Townley was born on April 10, 1867, in Waukesha, Wisconsin, to Reverend Robert Townley and his wife Mary Wilkinson. After the equivalent of a high school education in 1885, he gained a job as a clerk in the local town bank. A year and a half later he was admitted to the University of Wisconsin–Madison.

During his second year at the university he took a course in astronomy. He was also given a room at the Washburn Observatory and worked nights as an assistant. These would serve to shape his interest in astronomy. He studied astronomy under George Comstock. In his second year as a graduate student he was offered a Hearst fellowship at the Lick Observatory, which he accepted, arriving in 1892. In 1893, however, the fellowship funds were re-committed to an eclipse expedition to Chile, so he had to depart.

He would graduate with a B.S. degree in 1891 with distinction, and become a member of Phi Beta Kappa. After graduation that same year he visited his brother living in California, which made him interested in Lick Observatory.

== Career ==
He became an instructor of astronomy, first at the University of Michigan, later followed by the University of California.

From 1893 until 1898 he worked at the Detroit Observatory, where he studied variable stars and comets. By 1897, he gained his Sc.D. from the University of Michigan with a thesis on the "Orbit of Psyche". In 1896, he spent a year on-leave to travel through Germany, visiting major observatories in Berlin, Leipzig, and Munich.

After his return from his travels he began teaching at the University of California, Berkeley, under Armin Otto Leuschner.

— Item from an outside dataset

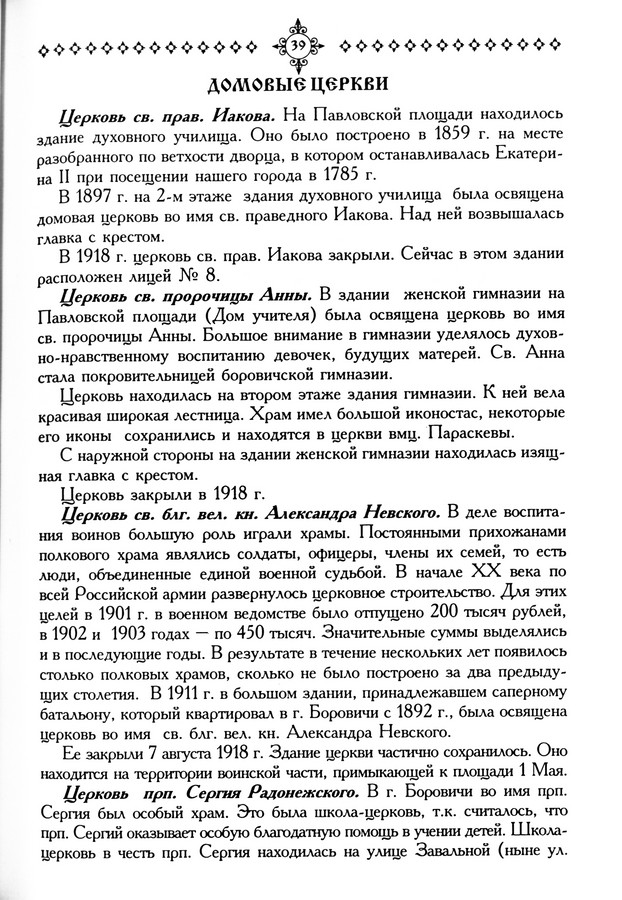 Полевиков А. П. Боровичский край : краеведческий сборник / А. П. Полевиков. – Санкт-Петербург : [б. и.], 200 . Вып.2 : Православные святыни. – 206 с. : ил. О домовой церкви святого благоверного князя Александра Невского (год постройки – 1911-й), принадлежавшей саперному батальону, расквартированному в Боровичах с 1892 г., здание сохранилось (с. 39). |

He was later appointed director of the International Latitude Station at Ukiah, California. While there he developed an interest in geodesy, particularly seismology.

Townley was a member of the Astronomical Society of the Pacific during its early years and served as its president in 1916, and also spent time as director and on the publication committee. He also joined the Seismological Society, and served at various times as president, secretary-treasurer, and editor of the society journal.

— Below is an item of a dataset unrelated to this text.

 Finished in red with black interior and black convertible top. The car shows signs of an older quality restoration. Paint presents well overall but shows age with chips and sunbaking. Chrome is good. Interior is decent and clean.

In 1911 he became an assistant professor at Stanford University. By 1918, he became full professor, and would remain in that position until his retirement in 1932, thereafter becoming professor emeritus.

== Death and legacy ==
Toward the end of his life he became an invalid, although he remained mentally alert until he died. He died March 18, 1946, at Stanford, California.

During his career he published roughly 100 academic papers, and edited the contributions of many others. He was widely recognized for his editorial skills.

The crater Townley on the Moon is named after Townley.

== Private life ==
He married Frances May Wright on January 7, 1895, in Oregon. Together they had three daughters and at the time of retirement lived in Palo Alto, California.

His daughter Lucile Townley Clark, married architect, Birge Clark. Birge Clark's father was architect and Stanford University design professor Arthur Bridgman Clark who designed the Townley's residence at 613 Salvatierra (now 661 Cabrillo Avenue; built 1921) in Stanford, California. Another daughter, Isabel Townley Marx married the son of Stanford University mechanical engineering professor Guido Hugo Marx. Daughter Ruth Townley was born on February 13, 1908, and died on September 28, 1908. His youngest daughter, Frances Jane Townley was born on May 19, 1911. She married architect David Clark (her brother-in-law, Birge's Clark's brother).

==Bibliography==
- Sidney Dean Townley and Maxwell Wilford Allen, "Descriptive catalogue of earthquakes of the Pacific Coast of the United States, 1769 to 1928", 1939, Bulletin of the Seismological Society of America, 29.
- Sidney Dean Townley, Annie Jump Cannon, and Leon Campbell, "Harvard catalogue of long period variable stars", 1928, The Observatory, Cambridge, Mass.